India, after all, is not like Singapore or a European country.  As in the case of China, a reasonably accurate prediction about India’s problems and prospects is perceived to be beyond the capacity of any agency, however, competent it might otherwise be.

Even otherwise, several experts have said that there was no point in building fresh refining capacity in India. The world demand, they assert, is expected to peak in the mid-2020s.  Although the Indian market is expected to keep growing, at least till 2040 and possibly till 2050, the global surplus would easily feed India’s need far more economically than by building new refining capacity that will likely come on stream only in the mid-twenties.

A renowned energy expert is quoted as saying:  “It would be an inappropriate use of our limited financial, land, water, environmental, infrastructural, human and technical resources to expand refining capacity in the current global scenario for crude and petroleum products”.

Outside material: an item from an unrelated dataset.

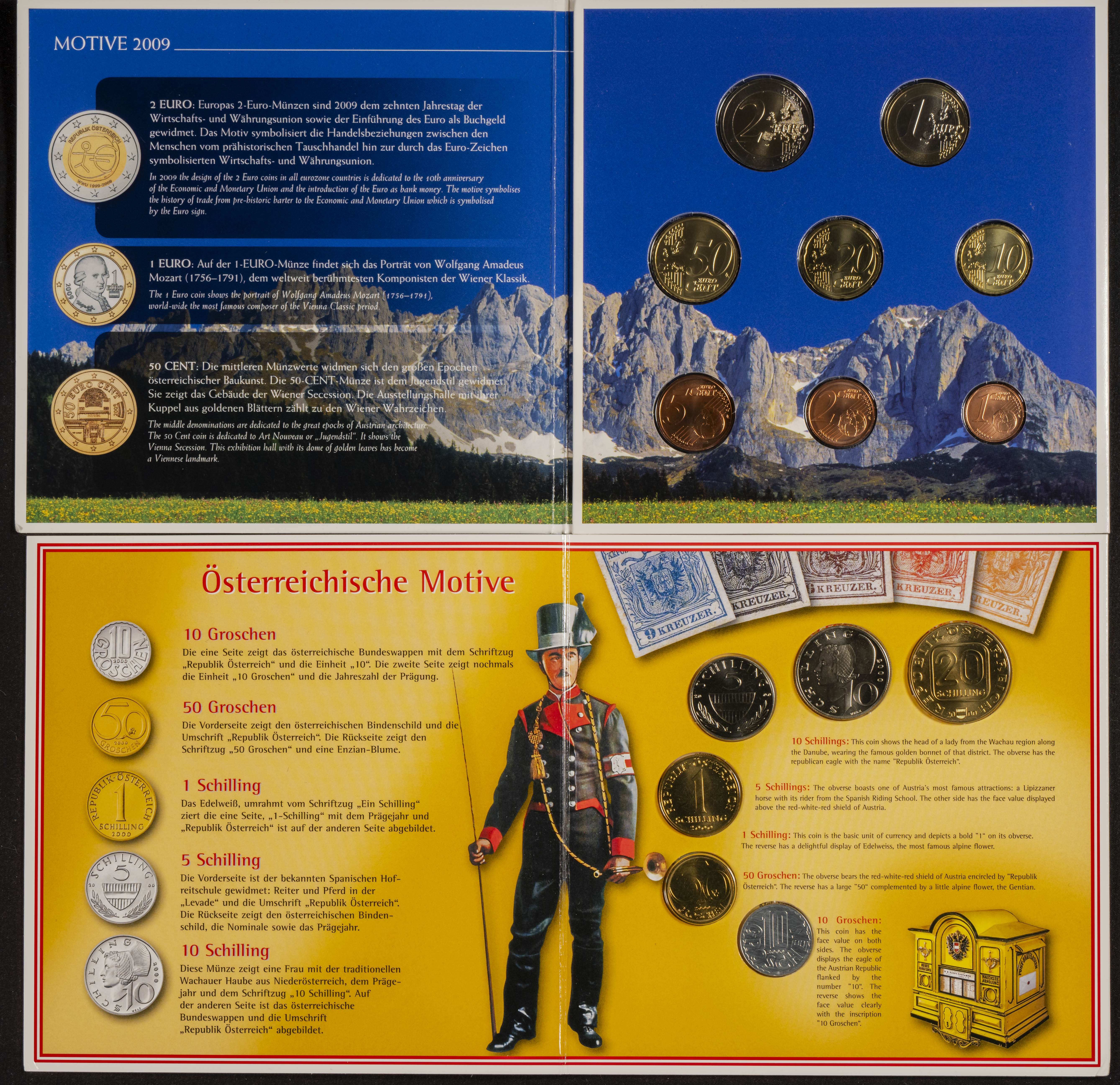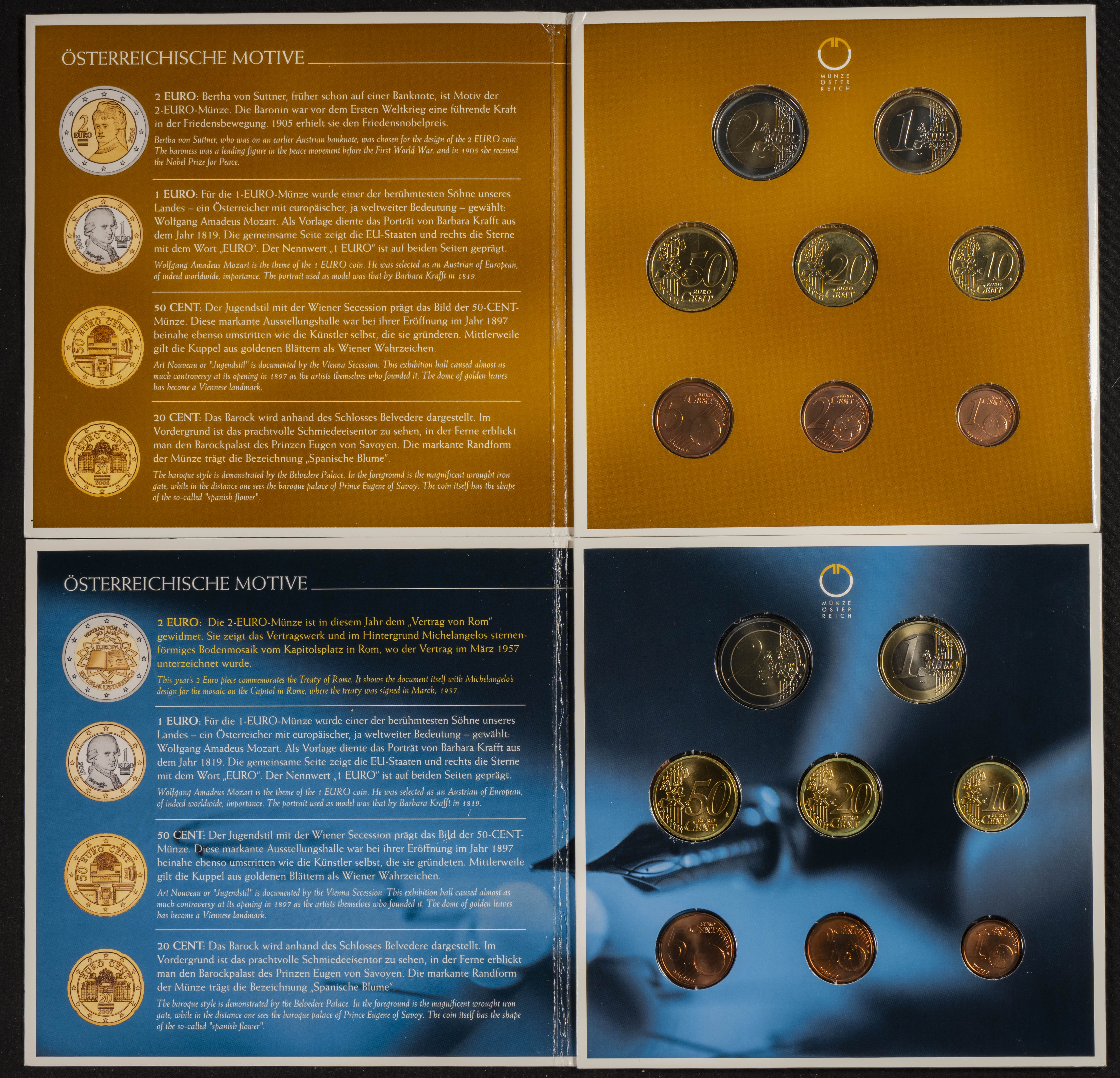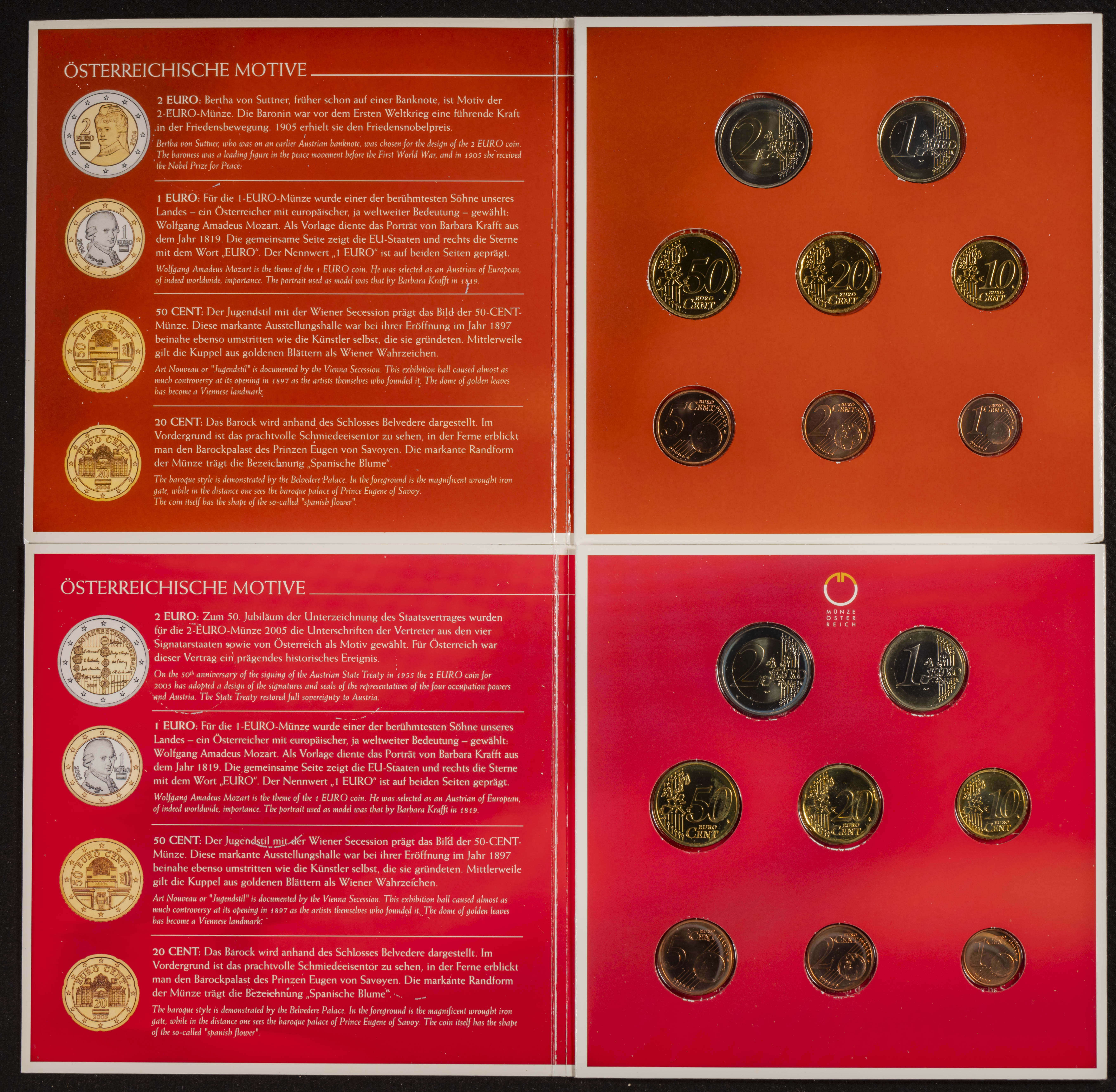 AUSTRIA. Conjunto de 12 sets completos con acuñaciones comprendidas entre el año 2000-2001 (últimas acuñaciones de Chelines) y 2009 (euros). Incluye series conmemorativas. Ningún set repetido. SC.

The long-term view wis that India will continue to remain dependent on crude imports as long as it uses petroleum products. The option of simply importing petroleum products from existing refineries worldwide would be far more economical in an oil surplus world compared with creating new refining capacity in India and importing crude oil to feed these refineries.

In other words, the value addition is minimal and likely to be negative, when one takes into account the huge incentives needed to make these Indian refineries financially viable.

The conclusion is that India could derive far more benefits by deploying financial and other resources in other sectors of the economy.  The argument against surplus refining capacity springs mainly from the fact that the Indian government has essentially subsidized the export of refined products based on imported crude through a host of incentives that ensured the viability of such Greenfield investments. The refining margins cannot even absorb the cost of double handling without the incentives.

In the current global scenario, therefore, creating new refinery capacity to even fully meet domestic demand is highly debatable. Given the global surplus, it would be more rational and economical to simply import refined petroleum products from competing sources in a buyers’ market.